Automating Sequence to Sequence Piano Transcription With Transformers

Sequence Piano Transcription With Transformers

Piano transcription is the process of converting an audio file into a symbolic representation. Traditionally, this has involved converting the onsets of each note to a list of notation symbols, but more recently methods have been developed which directly convert raw audio into MIDI.

Many different approaches to piano transcription use recurrent neural networks (RNNs) to model the sequence of onsets, notes, and pedal events that comprise a piece of music. RNNs have been shown to perform well on speech transcription tasks, but there is little literature on their performance for piano. [1, 2, 3] Some studies focus on modelling the acoustic structure of piano, while others are concerned with decoding into MIDI (the onsets, notes, and pedals of the musical score).

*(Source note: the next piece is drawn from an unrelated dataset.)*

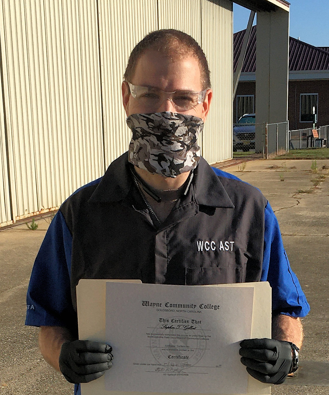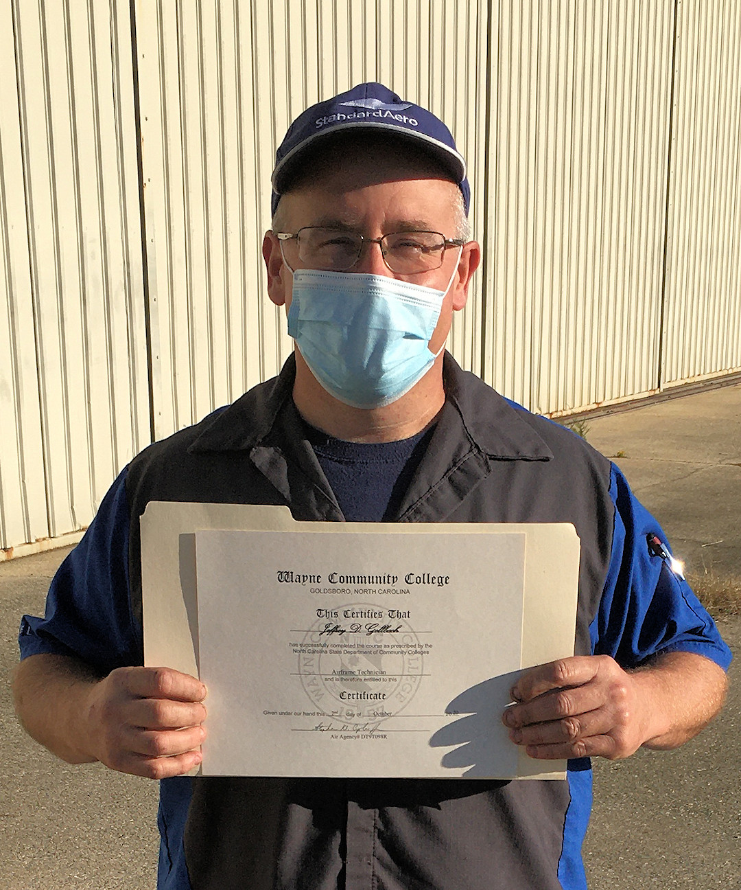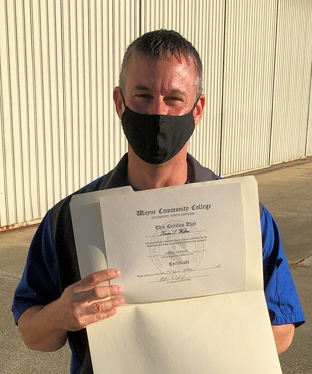“Once the candidate passes both parts of both of those exams, he will be issued a temporary certificate which will immediately certify that candidate as a Mechanic with Airframe rating,” explained Aviation Systems Technology Instructor Mike Crumpler. “The temporary certificate authorizes that individual to exercise the privileges of an Airframe Mechanic while he waits for the permanent certificate to arrive by mail.”

https://www.tartalover.net/

One challenge is that MIDI is a bit-oriented format, meaning that a single note can have several durations depending on how it is played. This can cause confusion when trying to automatically transcribe from an audio sequence into a MIDI file. [4] A few recent papers have addressed this issue by introducing an early stopping mechanism that reduces the probability of initiating a note if it is predicted to occur too soon. This improves the accuracy of the decoding process, but does not fully address the issue of timing misalignment between MIDI and the original audio.

Automating Sequence to Sequence Piano Transcription With Transformers

Another challenge is that piano transcription models typically require a large number of parameters, and the resulting models can be difficult to understand. Attempts at using more interpretable model architectures have been made, including WaveNet and attention-based models. [5, 6, 7, 8, 9] Unfortunately, such models typically perform worse than the simple LSTM architectures used in the majority of studies on this task.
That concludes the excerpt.